According to the National Oceanic and Atmospheric Administration (NOAA), the ecoregion received anywhere from 10–80 in of precipitation for the entire 2012 calendar year.

The average temperature for the ecoregion for the 2012 calendar year averaged between 40–60 F according to NOAA.

Snowfall and thunderstorms are the two major weather systems that influence the climate throughout the ecoregion. As noted above, the major climate in the area is snowy. When snow melts, it increases erosion and the amount of water being introduced into bodies of water.

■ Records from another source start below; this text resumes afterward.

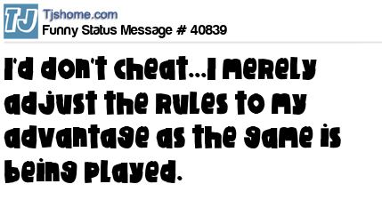 X I'd don't cheat...I merely adjust the rules to my advantage as the game is being played.
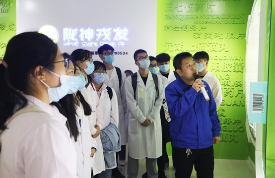 本次參觀是西北師范大學針對制藥工程專業(yè)本科生開展的一次藥品GMP生產(chǎn)車間實地參觀與學習。師生們分別參觀了制劑大樓展廳、制劑車間、外包裝車間、前處理提取車間及公司質檢研發(fā)大樓7樓質量檢驗中心。在制劑大樓展廳,孫波總助為師生們簡要介紹了公司的基本概況、發(fā)展歷程等,重點對公司元胡止痛滴丸、鞣酸小檗堿膜等4個全國獨家產(chǎn)品及保健食品黃芪當歸膠囊進行介紹。隨后,師生們進入制劑車間,詳細了解公司主打產(chǎn)品元胡止痛滴丸的滴制、生產(chǎn)等工藝流程,并在外包裝車間聯(lián)動線前觀看了元胡止痛滴丸內包及外包裝生產(chǎn)全過程。在前處理提取車間,講解人員細致的講解使師生們對中藥材前處理整個加工環(huán)節(jié)有了更進一步的了解。最后,師生們一行來到質檢研發(fā)大樓7樓,實地參觀了公司質量檢驗中心,在工作人員的講解下,對藥品檢驗的全過程進行了學習。
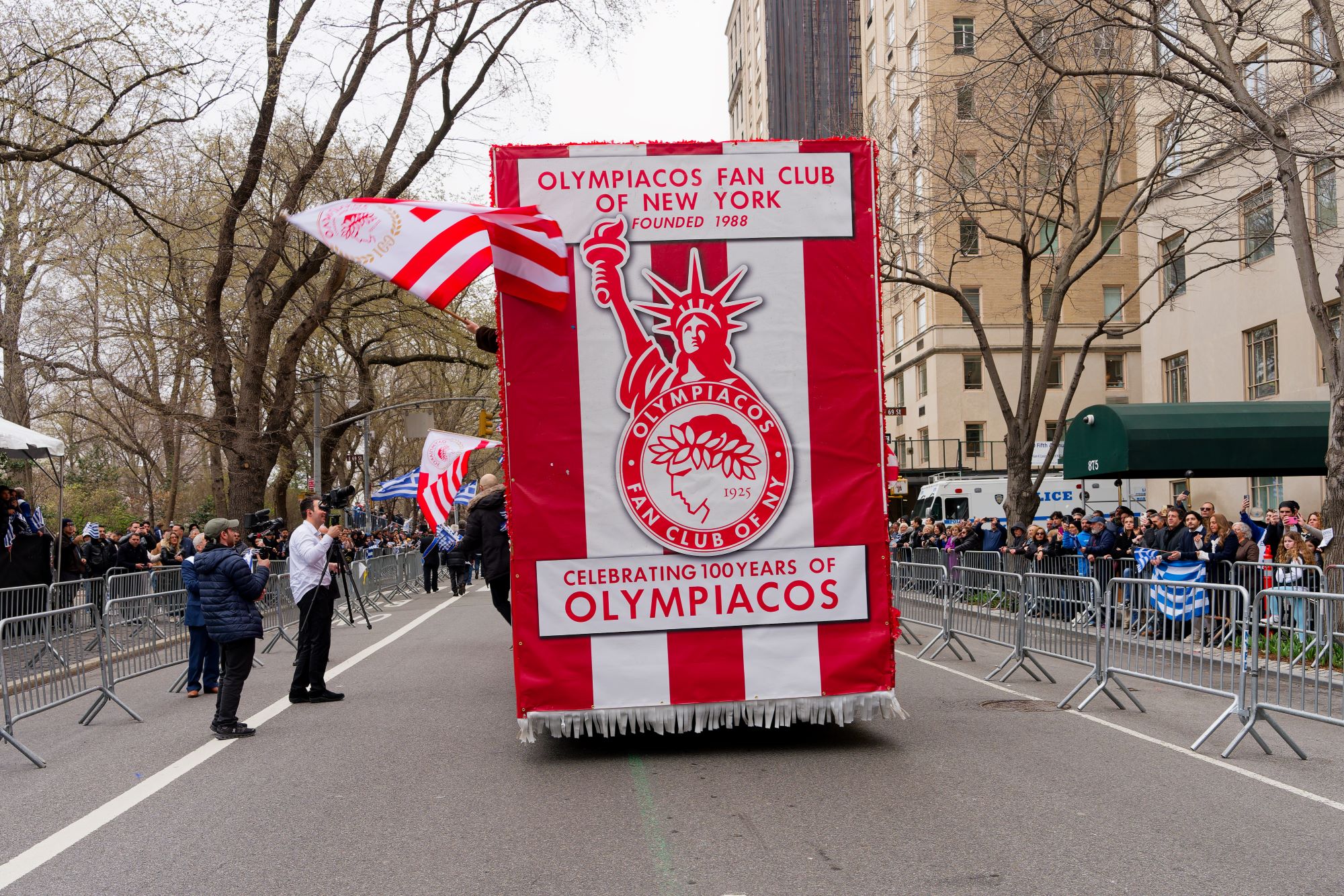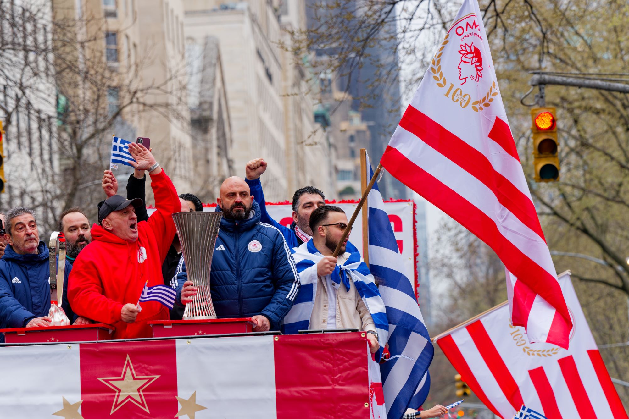 Greek-American Olympiacos fans paraded on a float decorated in the club’s colors, proudly displaying the two European trophies of the legendary team.
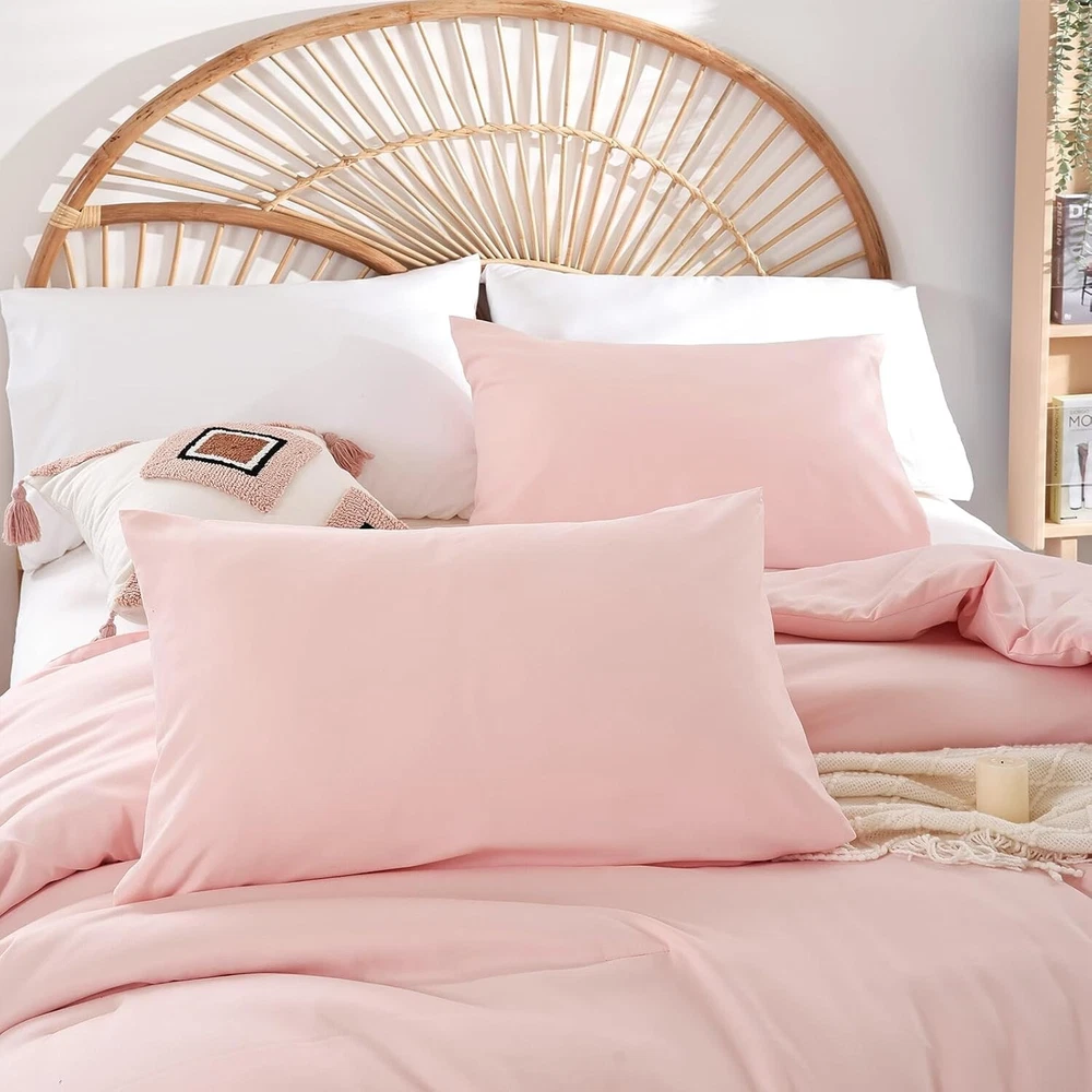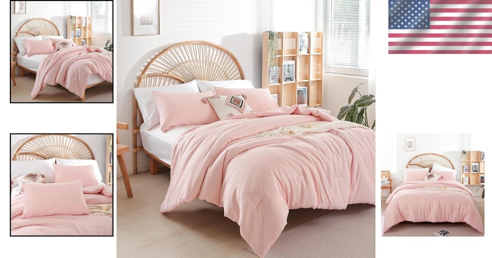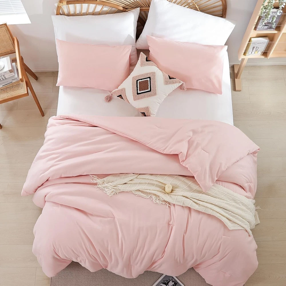 Absolutely love this comforter set! The light pink shade is so elegant and blends beautifully with any bedroom decor. The microfiber fabric is incredibly soft, cozy, and perfect for year-round comfort. It feels lightweight yet warm, and the quality is outstanding—no shedding or fading even after washes. The set includes everything you need for a stylish, put-together bed. Definitely worth it!
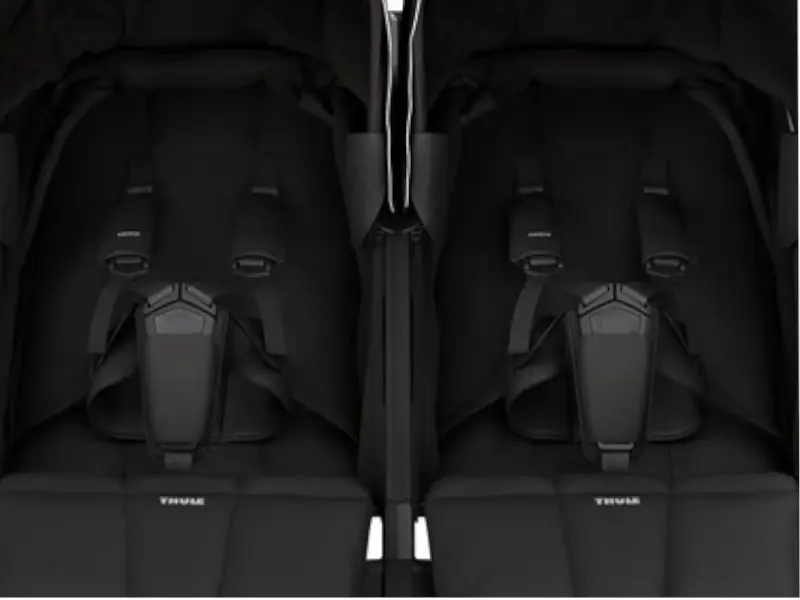 Each seat provides a cozy and secure space for your children, and the stroller's sleek and lightweight design, combined with large wheels and a suspension system, guarantees a smooth and comfortable ride on any surface
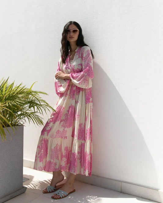 En rupture de stockPleated Long-Sleeved Dress With Slit
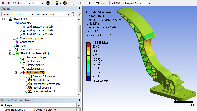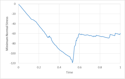 - Evaluate results again and plot the Minimum value of the normal stress. Results will vary depending on the element selected.
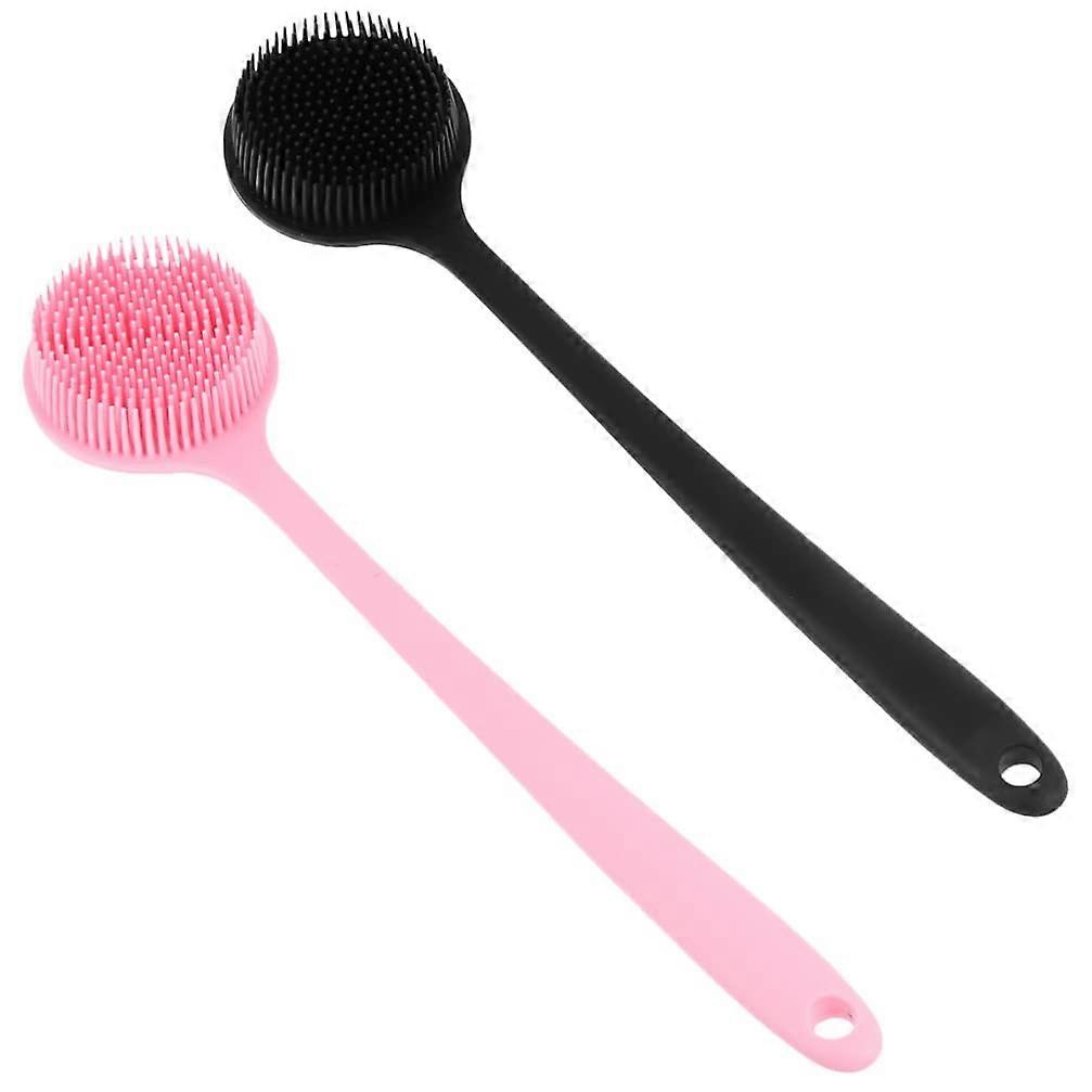2pcs Long Handle Silicone Back Scrubber Bath Brush for Gentle Exfoliation and Daily Shower Use
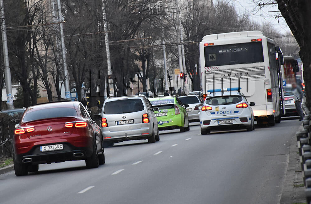 Автобус с работници насмете спрени коли в час пик на хасковски булевард

Thunderstorms have a large impact on the amounts of precipitation in the region and greatly influence flood events and erosion.

==Human use==
There are no major cities within the Idaho Batholith ecoregion; however there are small resort towns like McCall, Idaho that offer outdoor recreation such as alpine skiing.

The resources in the ecoregion include fishing, crop production, grazing, mining, logging, and recreation. Several recreation areas such as Painted Rocks State Park in Montana and Lucky Peak State Park in Idaho exist in the region. Painted Rocks State Park, named after the colorful lichens that cover the granite walls and rhyolite cliffs within the park, offers boating, camping, and fishing. Rhyolite is the same as granite chemically; however it is an extrusive rock, whereas granite is an intrusive rock. Lucky Peak State Park offers boating, fishing, biking, and even offers its own beach.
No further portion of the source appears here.